TO DO.
Could you print exactly the lines from the one that contains "本校では毎年、全校生徒を対象" to the end of the data, both ends included, and nothing else? Skip the pictures.

[Saved entries]
....
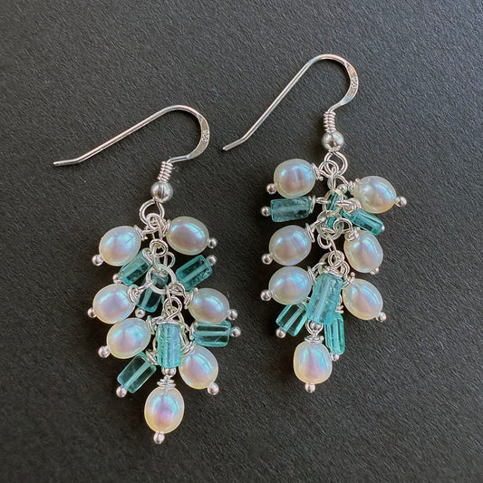 Blue Apatite and Pearl Cluster Drop Earrings on Sterling Silver by Linda Queally
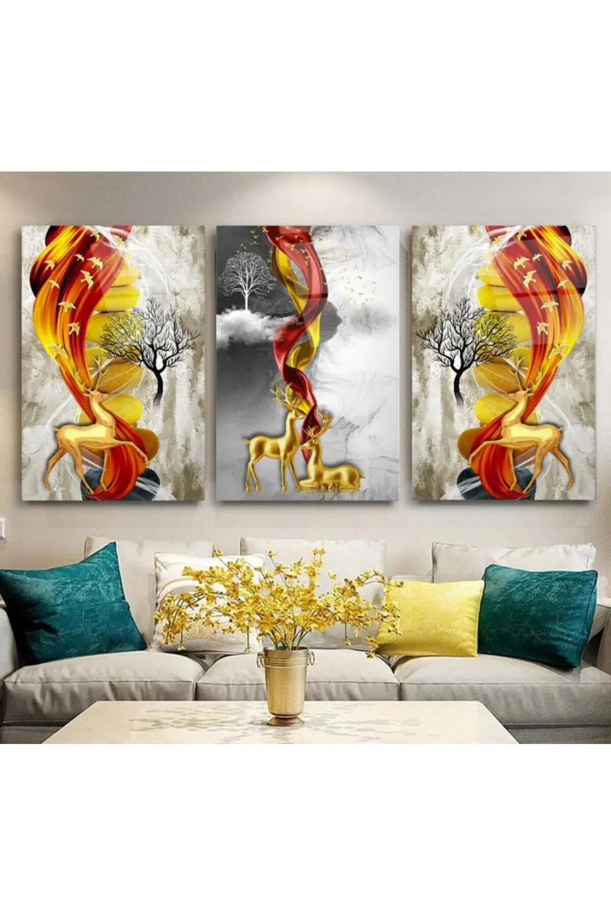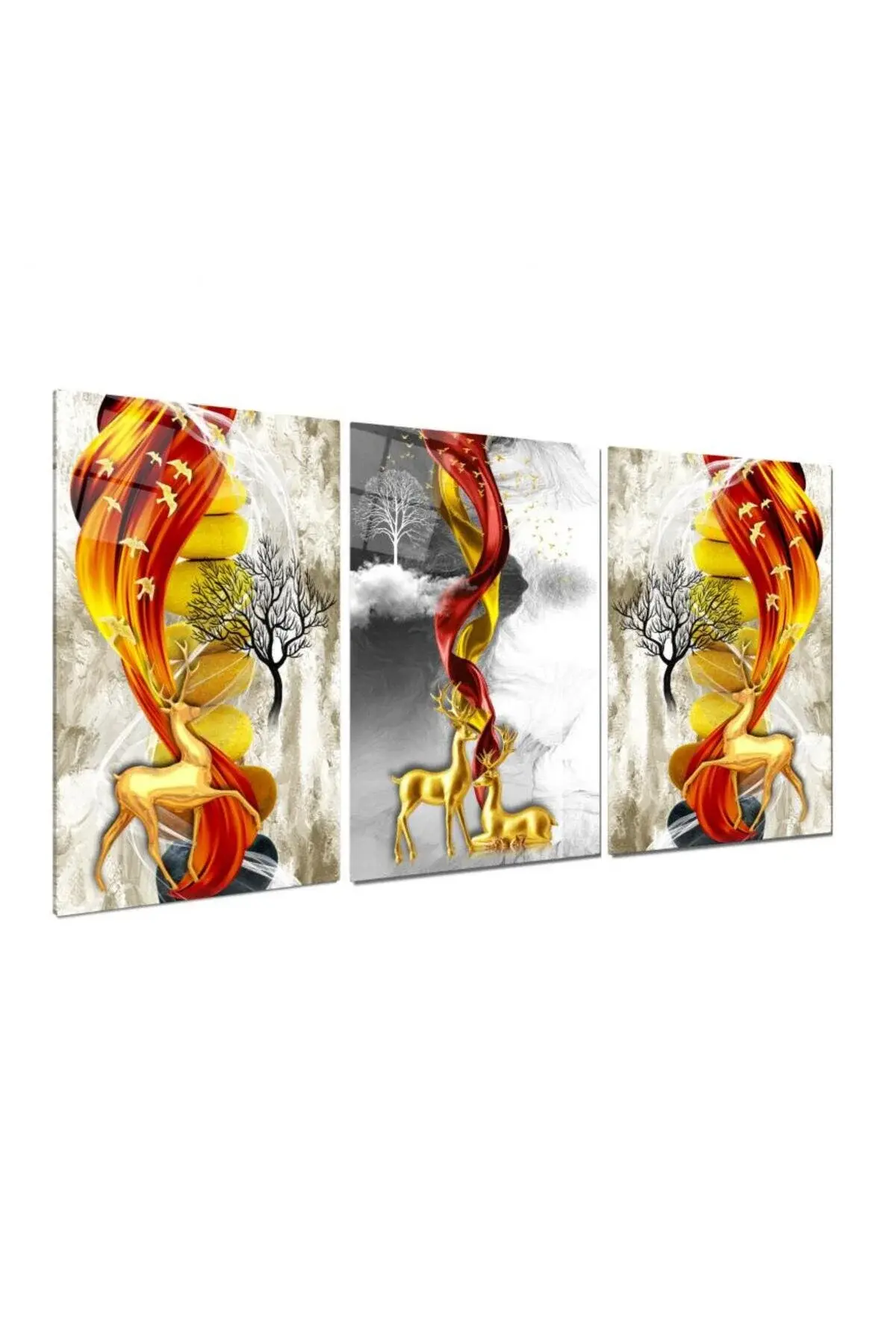 3 LÜ HARİKA RENK UYUMU GEYİK TEMALI MODERN TASARIM KIRILMAZ CAM TABLO LÜKS TABLO EV HEDİYESİ Turuncu
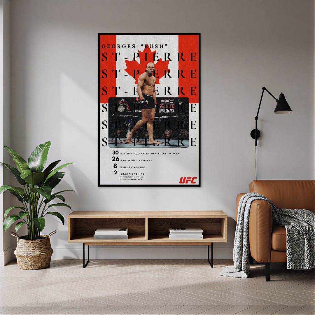 Georges St-Pierre’in teknik ustalığı, stratejik zekası ve ringdeki zarafeti, yüksek çözünürlüklü baskı ile bu özel halıda hayat buluyor. Canlı renkler ve detaylarla tasarlanan halı, hem zemin hem duvar dekorasyonu için mükemmel.
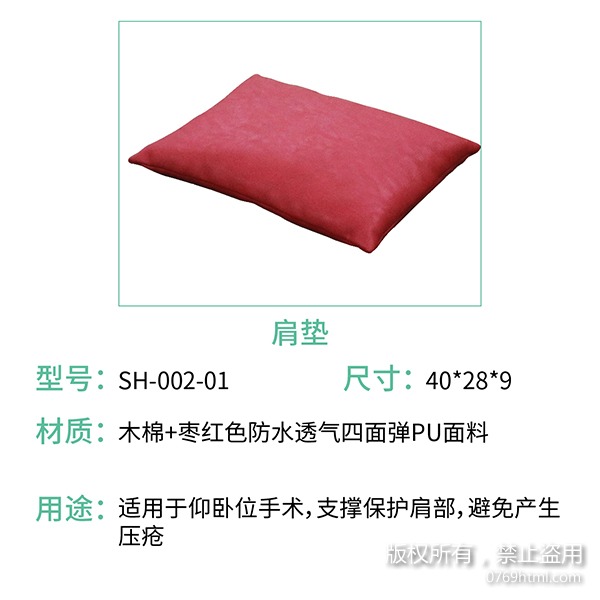 蒙泰海綿體位墊之肩墊是用來支撐保護肩部,避免壓瘡的產生,一般用于仰臥位手術,選用棗紅色四面彈防水面料,與皮膚接觸有良好的依從性,內里填充木棉,軟硬舒適,根據不同使用用途有多個尺寸。
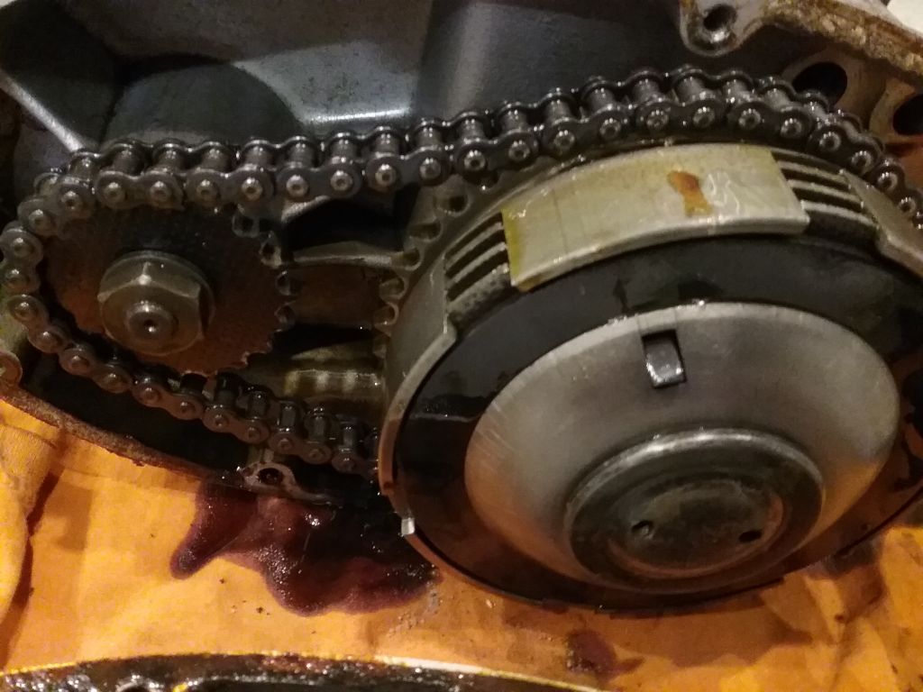 Ich habe mal versucht die Mitten der Zähne zu markieren. Das Primärritzel ist zu schmal und schwarz. Dies ist keines für die KR 25 Motoren. Die Kette läuft schräg.
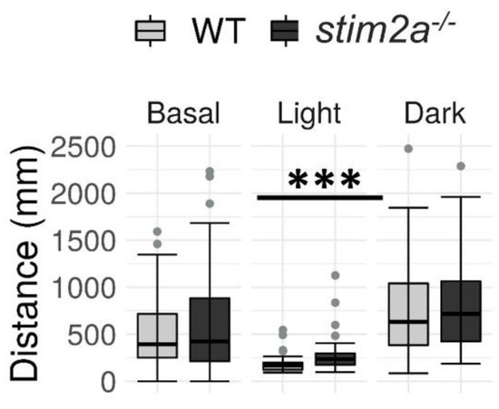 The stim2a−/− larvae reacted to changes in the light and exhibited hyperactivity during the low activity phase in the visual–motor response test. Activity was recorded during a 30 min period that consisted of a baseline phase (basal, 0% light illumination), low activity phase (light; 70% light illumination), and high activity phase (dark; 0% light illumination). Box plots show the distance traveled (in millimeters) during the respective phase. *** p < 0.001 (Wilcoxon rank-sum test). n = 53 WT larvae. n = 52 stim2a−/− larvae. Number of experiments: 6.
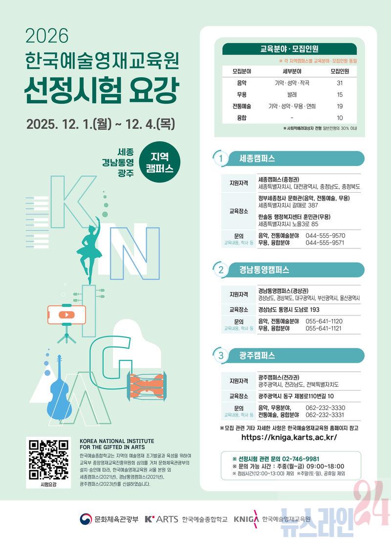 자세한 사항은 한국예술영재교육원 누리집(https://kniga.karts.ac.kr)을 참고하거나 한국예술영재교육원 교육지원팀(02-746-9981)으로 문의하면 된다.
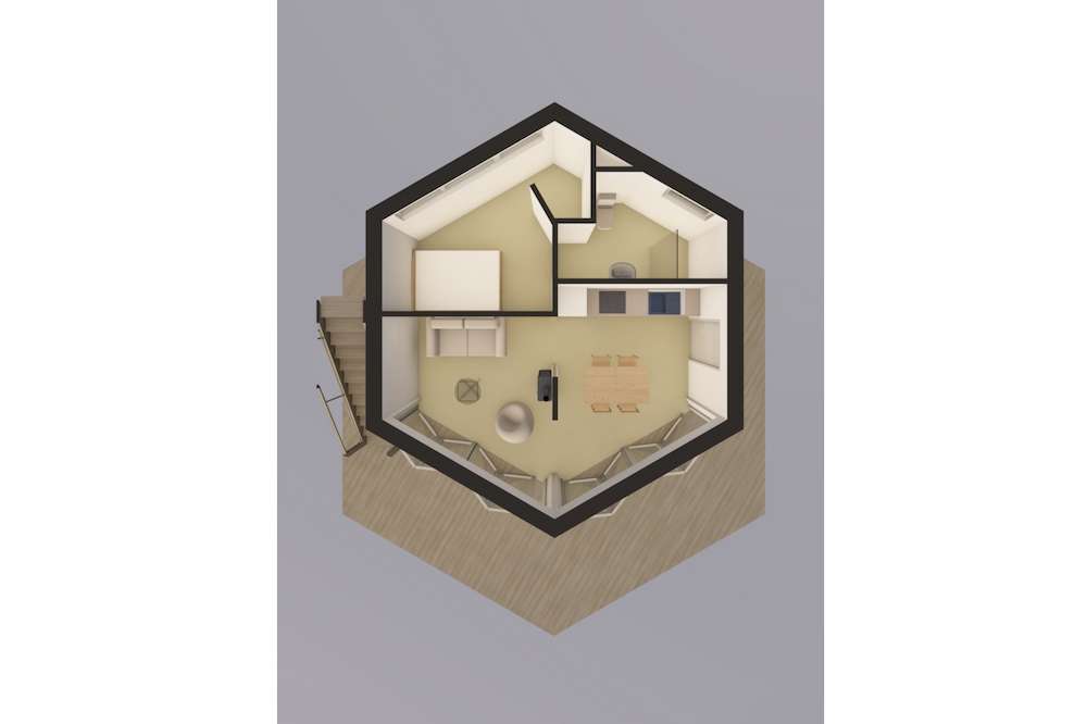 Bee House er en hytte bygget av Šuuna, en ferdighusprodusent med base i Latvia. Denne hytta har 36 m2 boareal, ett soverom og ett bad.
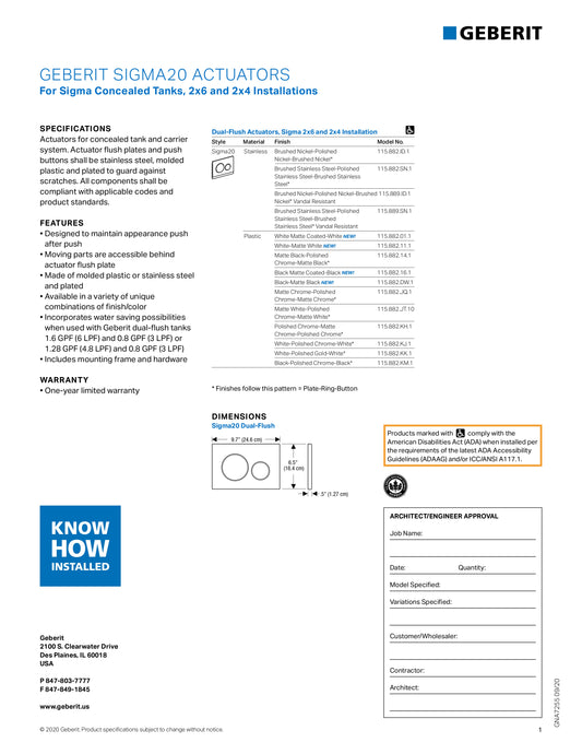 Geberit Sigma20 Flush Actuator Plate Art. 115.882.SN.1 (METAL MODEL)
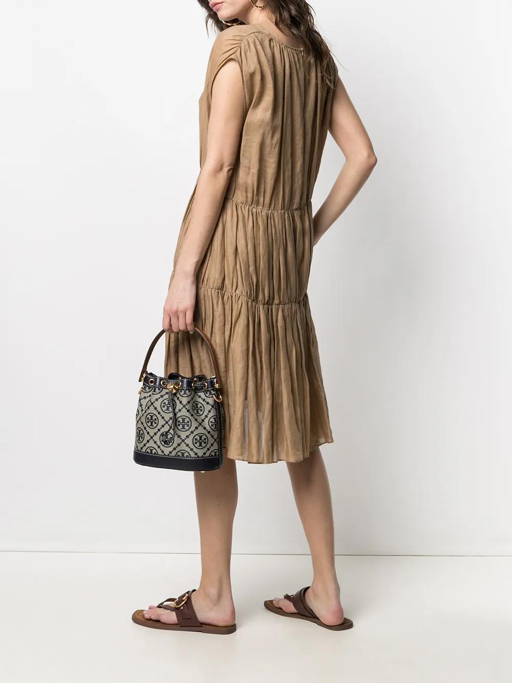 navy-blue/beige/cognac-brown monogram pattern leather trim adjustable detachable shoulder strap single top handle drawstring fastening main compartment metal feet gold-tone hardware
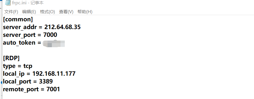 为了安全起见,请在 frps.ini 与 frpc.ini 配置文件的 common 部分添加授权:
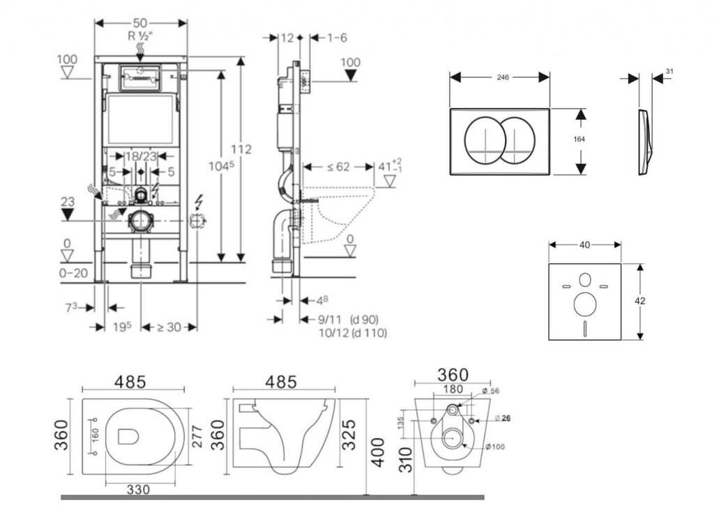 - pre montáž závesného WC so vzdialenosťou upevnenia 18 cm alebo 23 cm
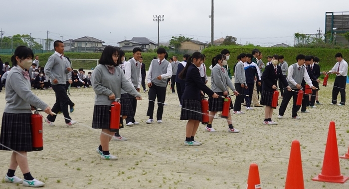 本校では毎年、全校生徒を対象に、災害発生時の的確な判断力や自己防衛力、他者に対する援助の気持ちを学ぶことを目的として、避難・消防訓練を実施しています。今回は全校生徒933人が参加し、緊急地震速報の発表時を想定した避難訓練を実施します。また、避難終了後には、飯塚消防署による消火器の使用方法の説明や、水消火器を用いた消防訓練も行います。
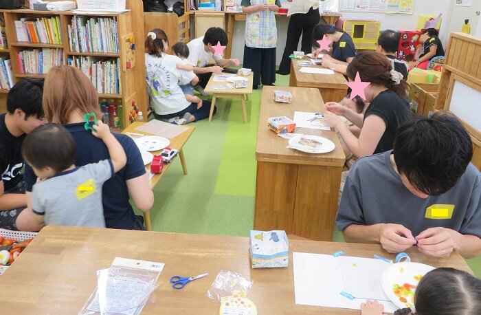 子どもの足形を取った後のシールアートは、パパとママが二人で協力し、他の家族と会話を楽しみながら作りました。
....
EXPECTED ANSWER.
 本校では毎年、全校生徒を対象に、災害発生時の的確な判断力や自己防衛力、他者に対する援助の気持ちを学ぶことを目的として、避難・消防訓練を実施しています。今回は全校生徒933人が参加し、緊急地震速報の発表時を想定した避難訓練を実施します。また、避難終了後には、飯塚消防署による消火器の使用方法の説明や、水消火器を用いた消防訓練も行います。
 子どもの足形を取った後のシールアートは、パパとママが二人で協力し、他の家族と会話を楽しみながら作りました。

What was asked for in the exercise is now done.